The bill was heard and amended in the House Financial Institutions Committee on Feb. 25. It was passed by the committee 6-3. The bill is now eligible for second reading amendments in the House.

SB 408 – Various Tax Matters

Sen. Travis Holdman (R-Markle)

Rep. Tim Brown (R-Crawfordsville)

Why it matters

The bill is the annual Department of Revenue legislation and makes various changes to Indiana’s tax code. Notably, the bill clarifies the treatment of factored receivables under the FIT. The bill was all significantly amended in the House Ways and Means committee. The IMBA monitors this bill every session for changes to Indiana’s tax code as it relates to financial institutions. The IMBA has not identified any concerns with the bill or amendment.

Latest action

The bill is currently awaiting possible amendments on second reading in the House.

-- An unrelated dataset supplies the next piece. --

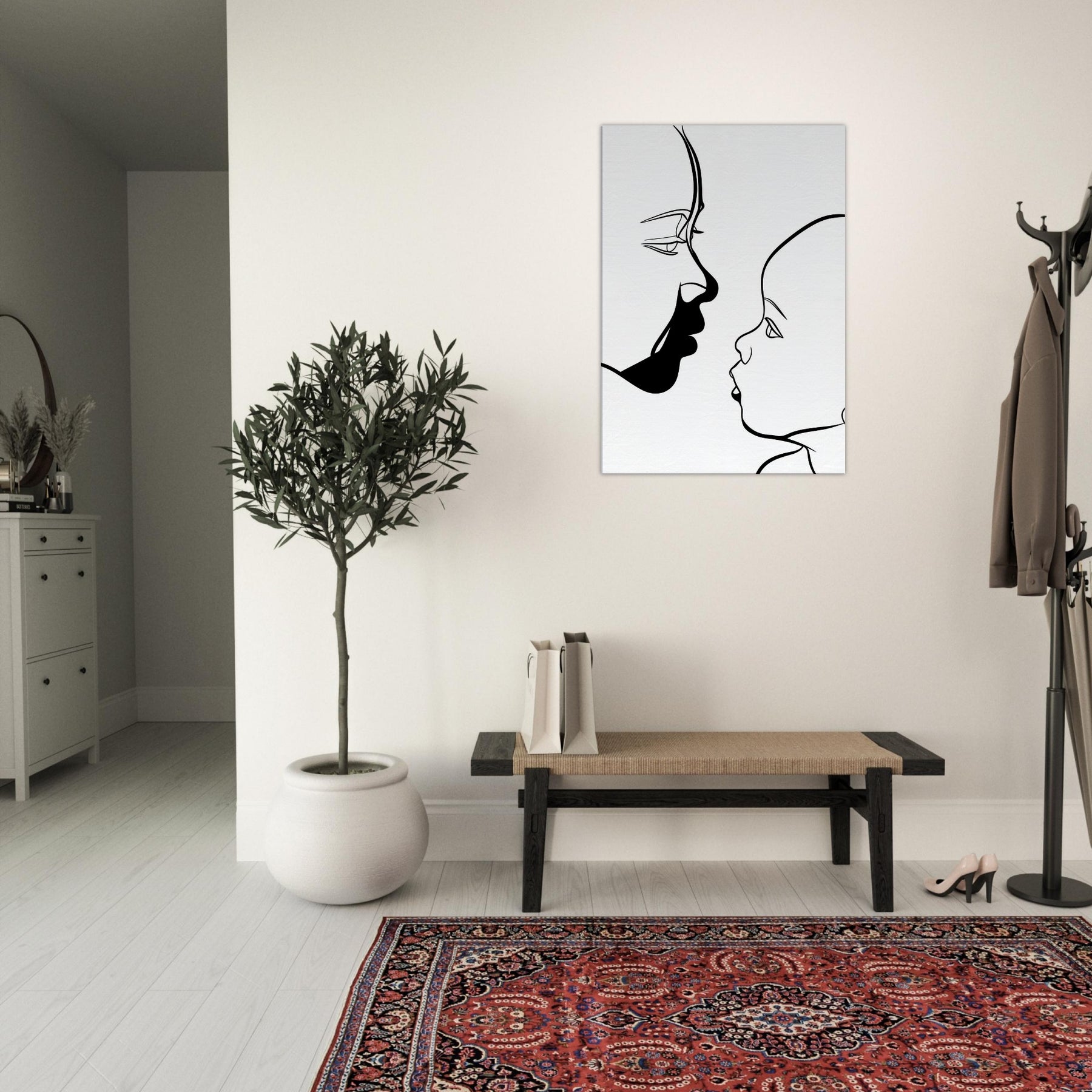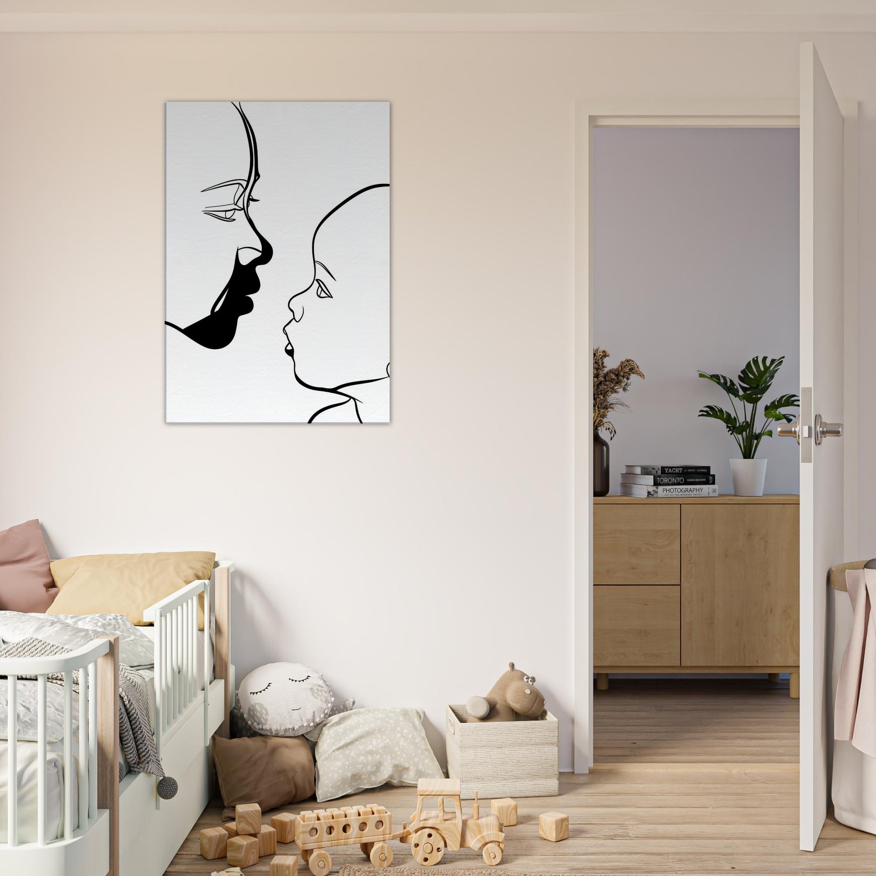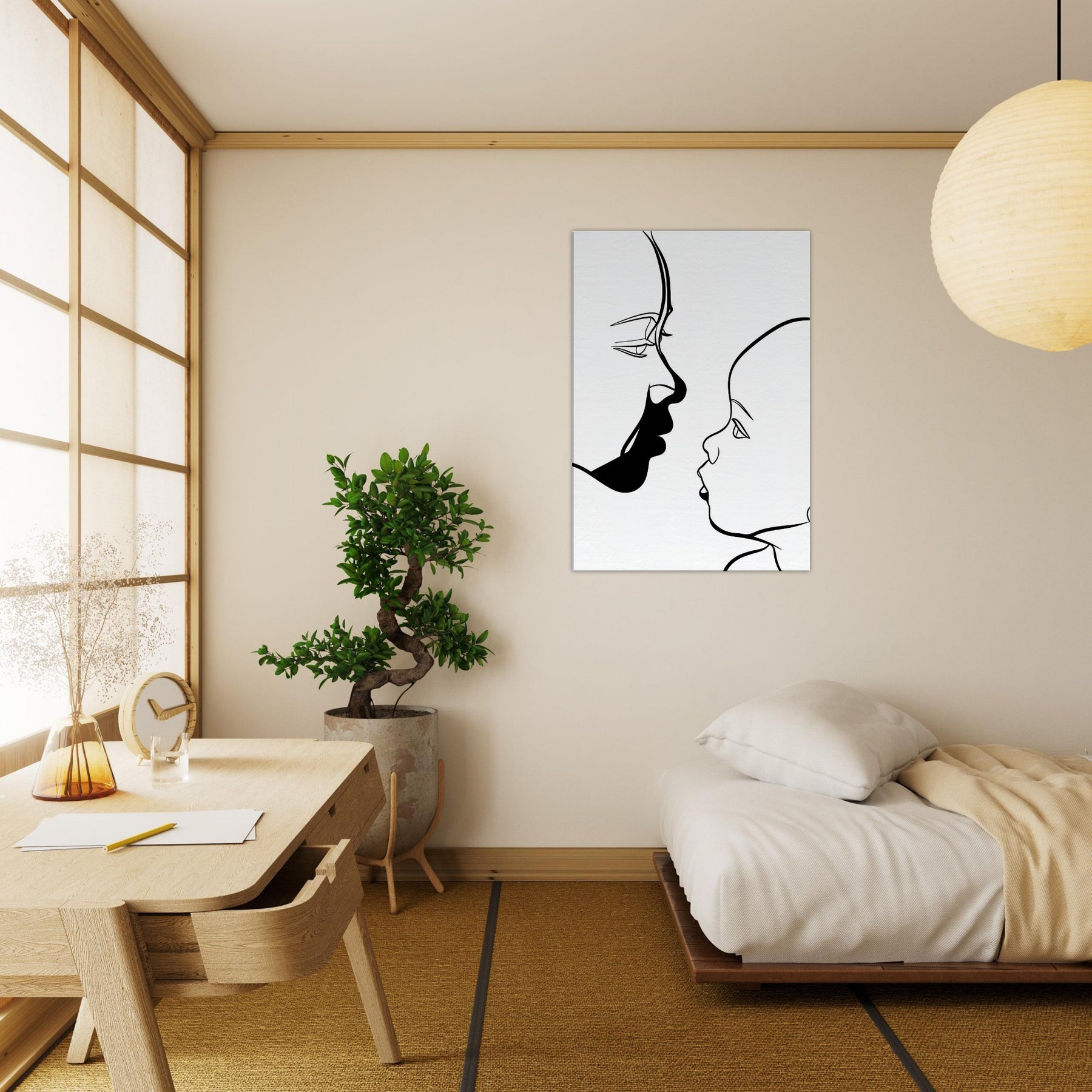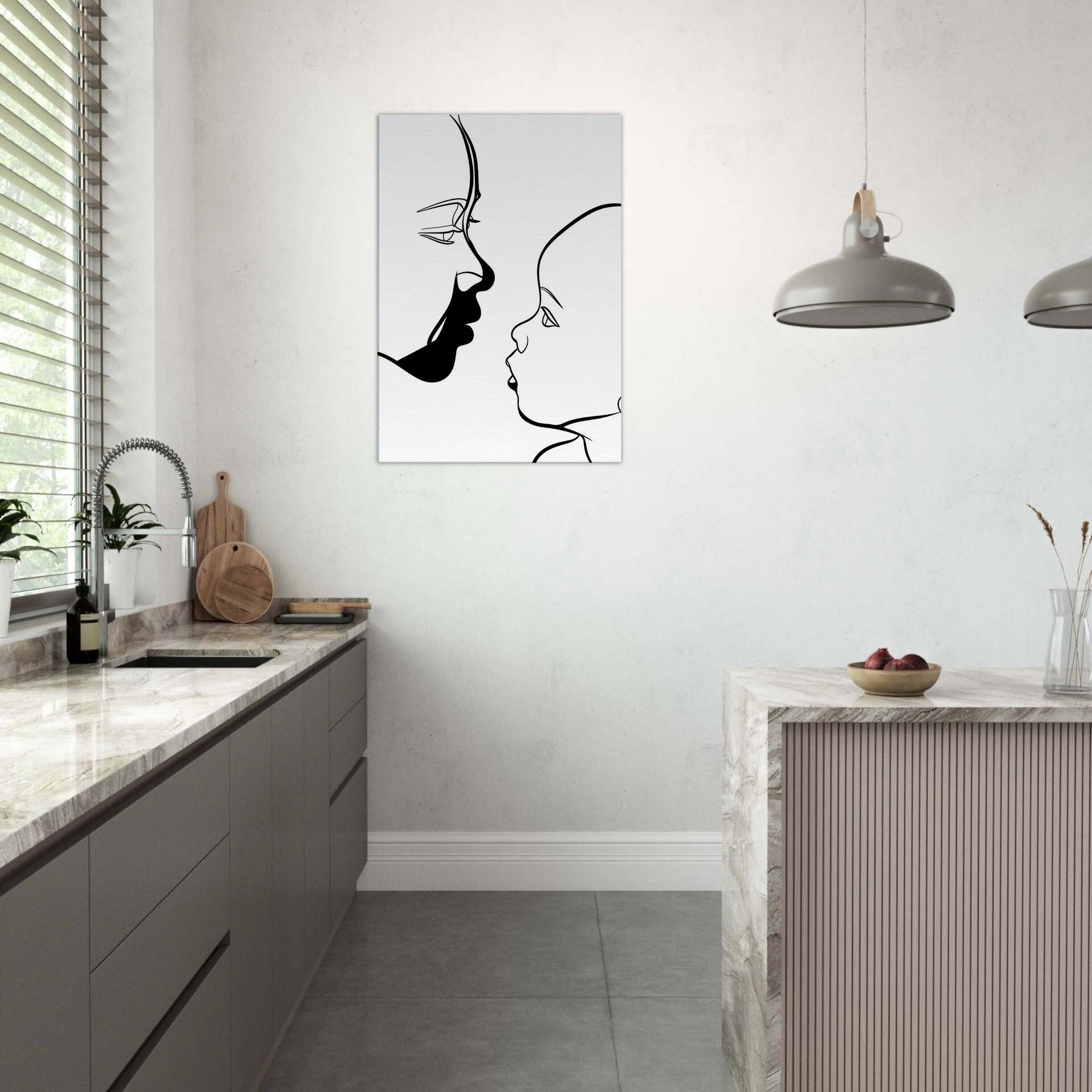 Touching in its simplicity, this line art study traces the quiet silhouette of a Parent and Child, capturing a moment of connection with nothing but graceful curves. The bold black line against pristine white evokes the intimacy of a held gaze, a breath between generations. Framed in a sunlit living room or a serene nursery, it invites soft contemplation and warmth, turning a wall into a tender focal point that makes everyday spaces feel more human and alive.

HB 1353 – Financial Institutions and Consumer Credit

Rep. Woody Burton (R-Whiteland)

Sen. Eric Bassler (R-Washington)

Why it matters

The IMBA supports HB 1353, which is the annual bill from the Department of Financial Institutions. Every year, the DFI has an agency bill that cleans up portions of the code that it identifies as needing to be updated. The IMBA has reviewed the bill and supports the changes. There is one section of the bill that the IMBA sought clarification to fix: the issue of which delinquency charge may be assessed. Last session the permissible delinquency charge was set in statute at $25 through the passage of HEA 1136. There was some confusion within contracts whether the delinquency share should be $25 or the former indexed rate according to the Consumer Price Index. The IMBA worked with legislators to clarify this inconsistency.

Latest action

The bill was heard and amended in the Senate Insurance and Financial Institutions Committee on Feb. 26. It was passed by the committee 6-0.